LOX IMVI malignant amelanotic melanoma and OVCAR-5 ovarian adenocarcinoma cells line are purchased from the National Cancer Institute (Frederick, Md.). Animals: Nude female immunodeficient mice (aged 6-12 weeks) are routinely used (B&K Universal, Hull U.K.). All animal procedures are carried out under the 1997 UKCCCR guidelines on the welfare of animals in experimental neoplasia (Workman, et al., 1998).

Prior to undertaking chemotherapy studies for each compound a maximum tolerated dose (MTD) is defined for a single intravenous injection.

For determination of maximum tolerated dose, compounds are reconstituted at the desired dose in 5% DMA/95% physiological saline. Two mice are treated with test agent and 2 mice are treated with vehicle alone (5% DMA/95% saline), via an intravenous (i.v., or IV) tail vein injection in a volume of 0.1 ml per 10 g body weight (Prior to i.v. injection the tail vein is warmed briefly until the vein is observed to dilate).

Body weight is measured daily and behavior and general appearance monitored visually.
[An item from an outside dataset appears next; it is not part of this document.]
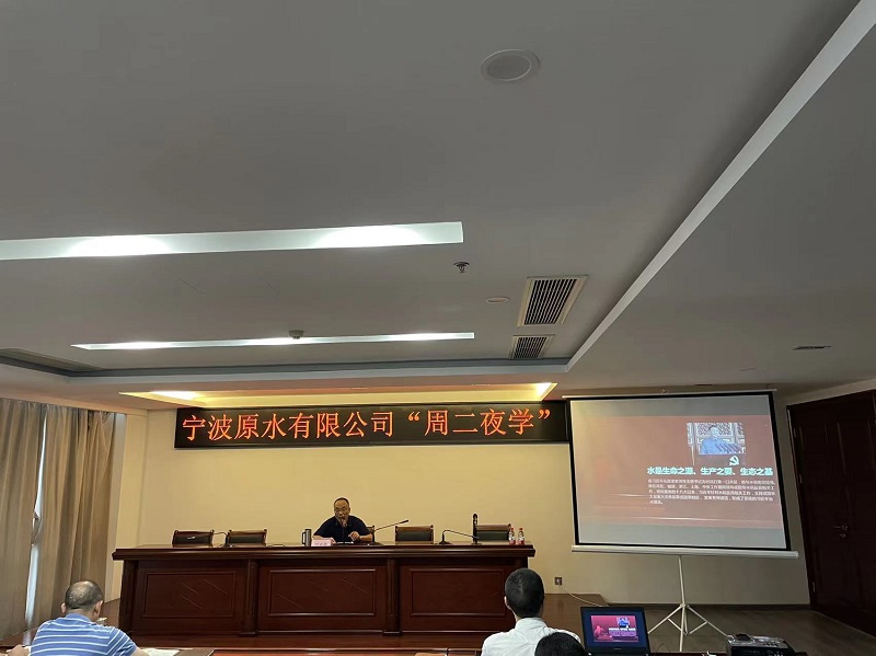 7月19日,原水公司组织开展“周二夜学”。公司党委书记叶小华作《习近平治水思想学习体会》专题党课。

If body weight loss is >15% over 72-hour period or if animal behavior and appearance are altered, then mice will be immediately sacrificed by Schedule 1 method (Cervical Dislocation). If no deleterious effects are seen after 14 days, then the procedure will be terminated by Schedule 1 method and the dose considered non-toxic. A dose escalation scheme (1.5-2× increase/decease on previous dose) is used.

Solid tumor propagation and transplantation is conducted under brief anesthesia (isoflurane). The mouse flank is sterilized using 70% alcohol. Using a 3 mm trocar, a tumor fragment of less than 3 mm diameter is inserted subcutaneously into the left &/or right flank. (To initiate tumor passaging, no more than 10⁷cells in 200 ul are injected into the left and/or right flank subcutaneously).

Five times a week mice are weighed and tumor growth is measured using calipers. Once tumors have reached a considerable size (<17 mm) mice are euthanized by Schedule 1 method and tumor material removed and passaged again for chemotherapy studies or alternatively propagated to maintain the tumor in vivo.

LOX IMVI/OVCAR-5 tumor fragments are implanted subcutaneously in nude mice (as described above). Mice are treated with test compound (n=8) at a previously established single i.v MTD using 5% DMA/95% saline as a vehicle. Control mice (n=8) are treated with vehicle alone.

Treatment is commenced when tumors can be reliably measured using calipers (mean dimensions 4×4 mm) and therapeutic effects are assessed by caliper measurements of the tumor (5 times weekly). Mouse weights are also documented. Once tumors have doubled in volume, or grown beyond a length of 17 mm in any direction, animals will be killed by Schedule 1 method. Tumor volumes are determined by the formula a²x b/2 where “a” is the smaller and “b” is the larger diameter of the tumor. Graphs are plotted of relative tumor volume against time and anti-tumor activities assessed by Mann-Whitney analysis. See, e.g., Workman, et al., United Kingdom Co-Ordinating Committee on Cancer Research (UKCCCR) Guidelines for the Welfare of Animals in Experimental Neoplasia (Second Edition); Marie Suggitt, British Journal of Cancer (1998) 77:1-10.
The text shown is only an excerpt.